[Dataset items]
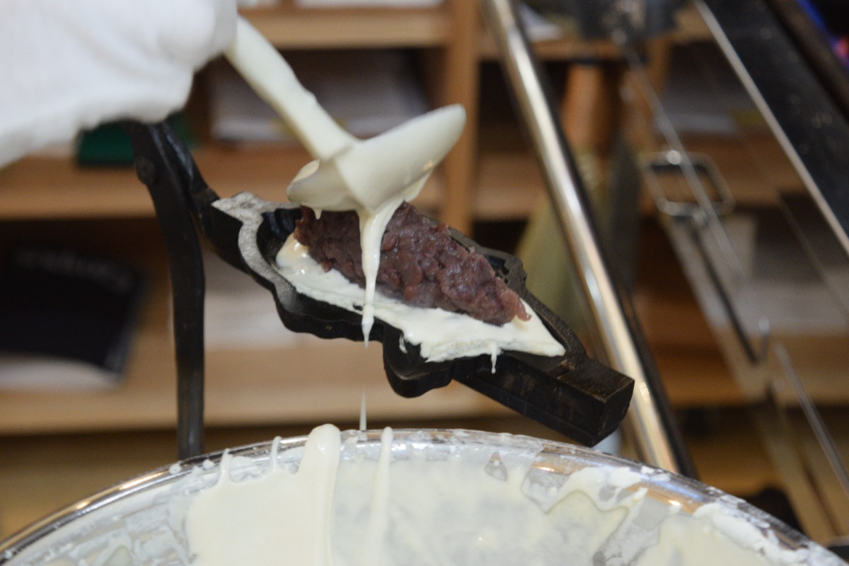 ぎっしりと乗せたあんこの上に生地をかけて挟んで焼く。
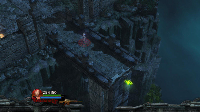 Now return to the elevated walkway to the NW. If you didn't trigger them earlier while fighting the lizards, several regular enemies will appear here. Deal with them and then follow the walkway back to the gap where you found the health pack earlier. Jump across the gap and then drop down to the ground. (screenshot)
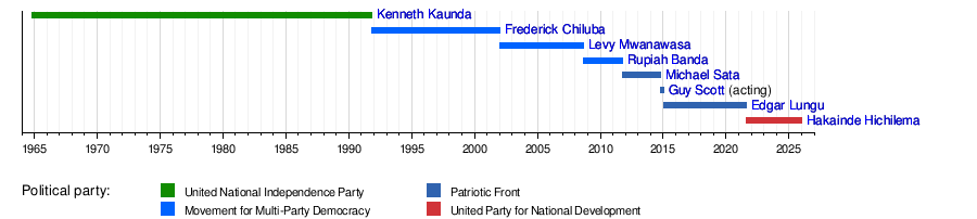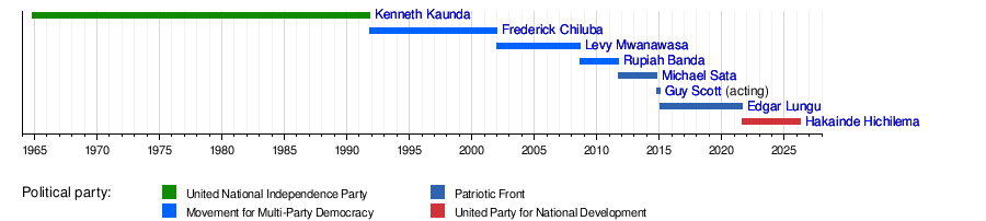 The first president was Kenneth Kaunda in 1964. After him, six other people have been president since 1991. These include Frederick Chiluba, Levy Mwanawasa, Rupiah Banda, Michael Sata, Edgar Lungu, and the current president, Hakainde Hichilema. Also, Guy Scott was an acting president for a short time after President Michael Sata passed away.
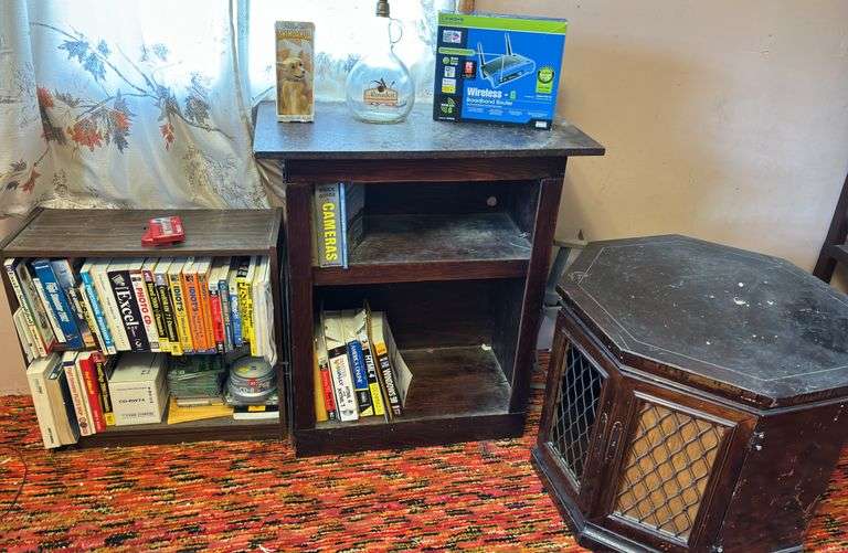 LOT 343 (3) - Bookshelves w/ Books, Mid-Century End Table & Wireless Broadband Router
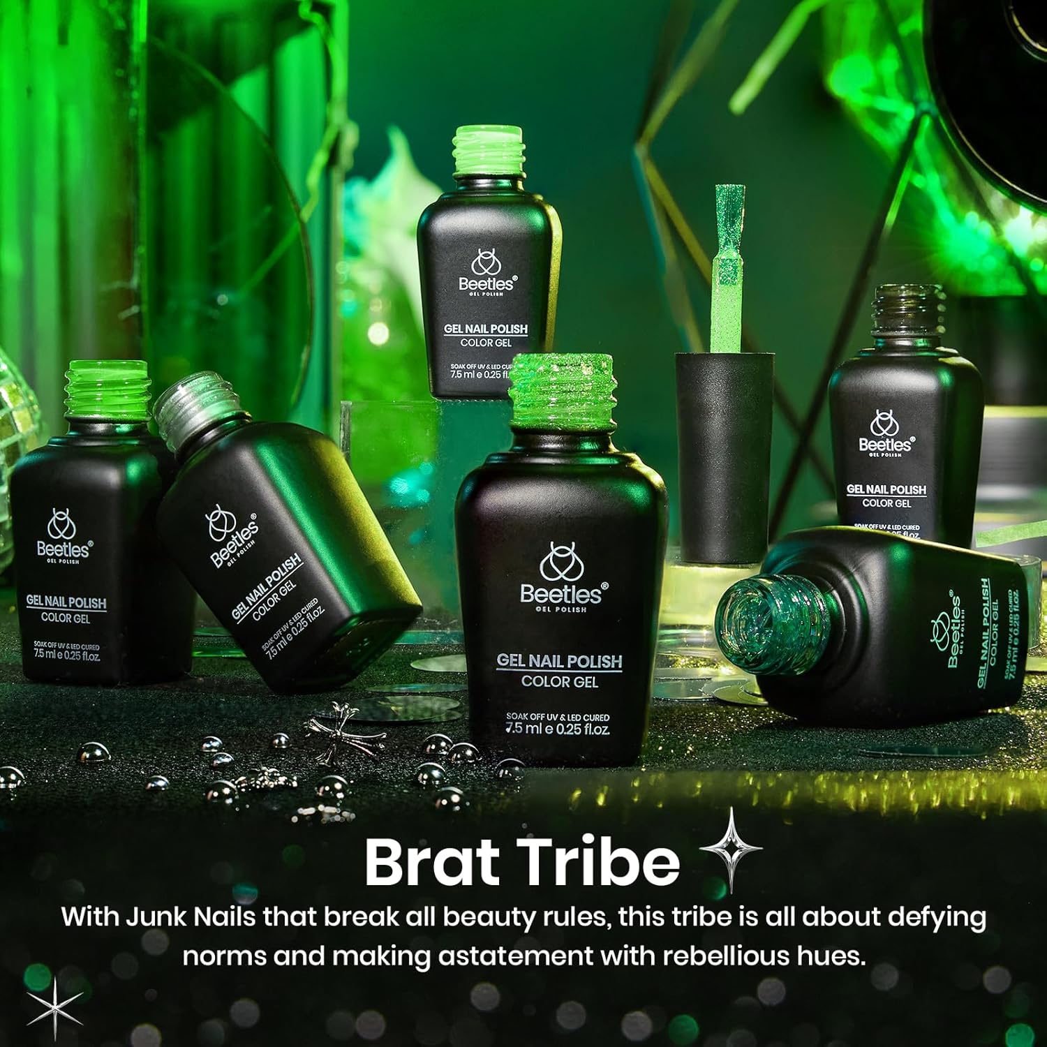 - Trendy Neon Green & Black Nail Polish: Beetles Brat Tribe Gel Polish Set includes 6 bold colors bright neon green, classic black, and shimmering silver glitter perfect for edgy, eye-catching nail designs.
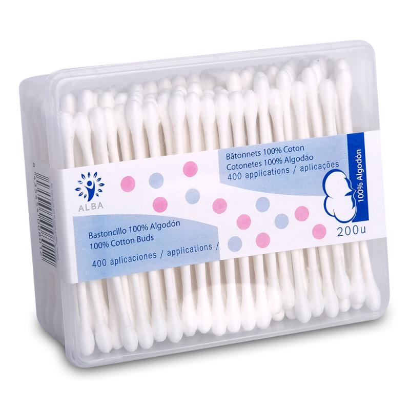 Bastoncillos auditivos de palo blanco en un paquete de 200 unidades.
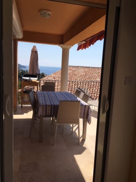 Le balcon loggia de 20m2 offre mille possibilités de déjeuner face à la mer, une terrasse de 60m2 et un jardin arboré incitent la farniente le regard sans cesse attiré par l'immense masse bleue. La Villa offre confort et fraîcheur.
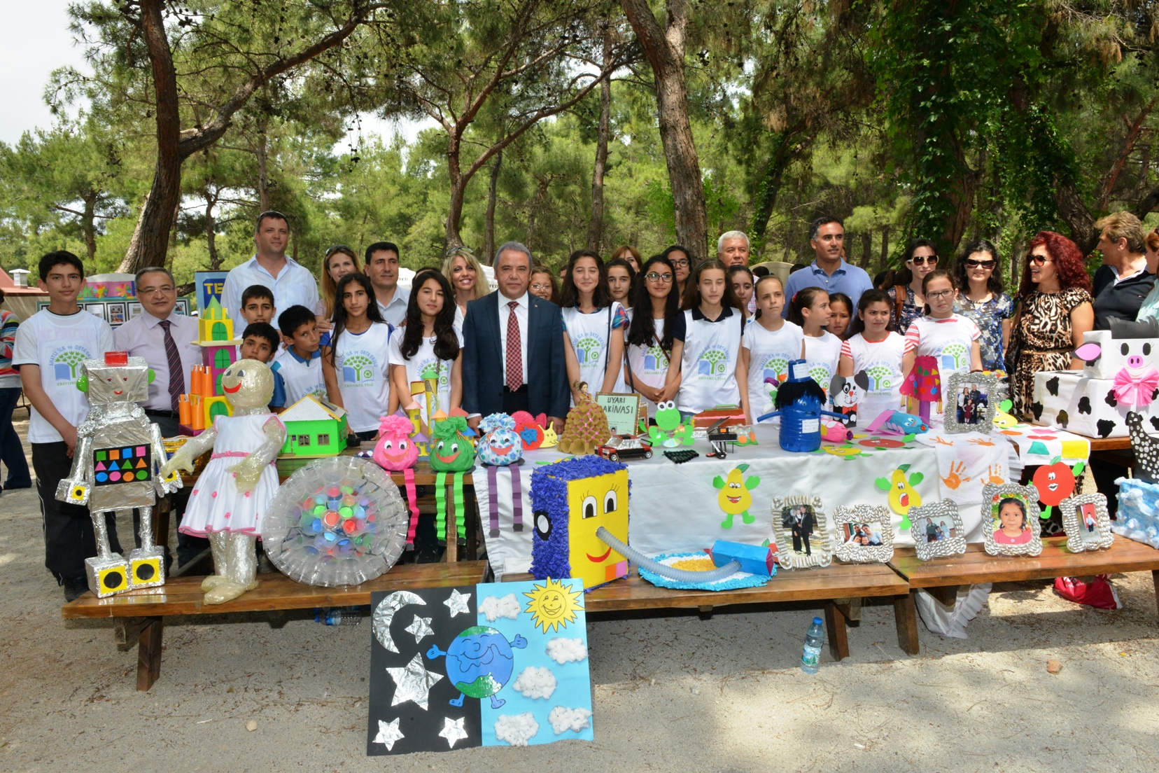 Türkiye Çevre Eğitim Vakfı Koordinatörlüğünde yürütülen Eko-Okul Programı kapsamında Antalya Eko Okul Şenliği düzenlendi. Konyaaltı Belediyesi’nin katkılarıyla Nasriha Park’ta düzenlenen şenliğe 20 okuldan 400 öğrenci katıldı. Öğrenci ve öğretmenlerle sohbet eden Konyaaltı Belediye Başkanı Muhittin Böcek, yapılan çalışmalar hakkında bilgi aldı. Çevre bilincinin geliştirilmesi ve çevre sorunlarına dikkat çekmek amacıyla Konyaaltı Belediyesi olarak okullarda eğitim çalışmaları yaptıklarını belirten Başkan Böcek, “Bu sene 19 okulda 3 bin öğrenciye çevreeğitimleri verdik. Atık ve çevre ilişkisi, atıkların çevreye verdikleri zararlar ve geri dönüşümün doğal kaynakları nasıl koruduğunu anlattık.

### Exercise goal
Set down exactly the lines from the start of the records through the line containing "LOT 343 (3)", both included, and omit the pictures.

### Result for this exercise
 ぎっしりと乗せたあんこの上に生地をかけて挟んで焼く。
 Now return to the elevated walkway to the NW. If you didn't trigger them earlier while fighting the lizards, several regular enemies will appear here. Deal with them and then follow the walkway back to the gap where you found the health pack earlier. Jump across the gap and then drop down to the ground. (screenshot)
 The first president was Kenneth Kaunda in 1964. After him, six other people have been president since 1991. These include Frederick Chiluba, Levy Mwanawasa, Rupiah Banda, Michael Sata, Edgar Lungu, and the current president, Hakainde Hichilema. Also, Guy Scott was an acting president for a short time after President Michael Sata passed away.
 LOT 343 (3) - Bookshelves w/ Books, Mid-Century End Table & Wireless Broadband Router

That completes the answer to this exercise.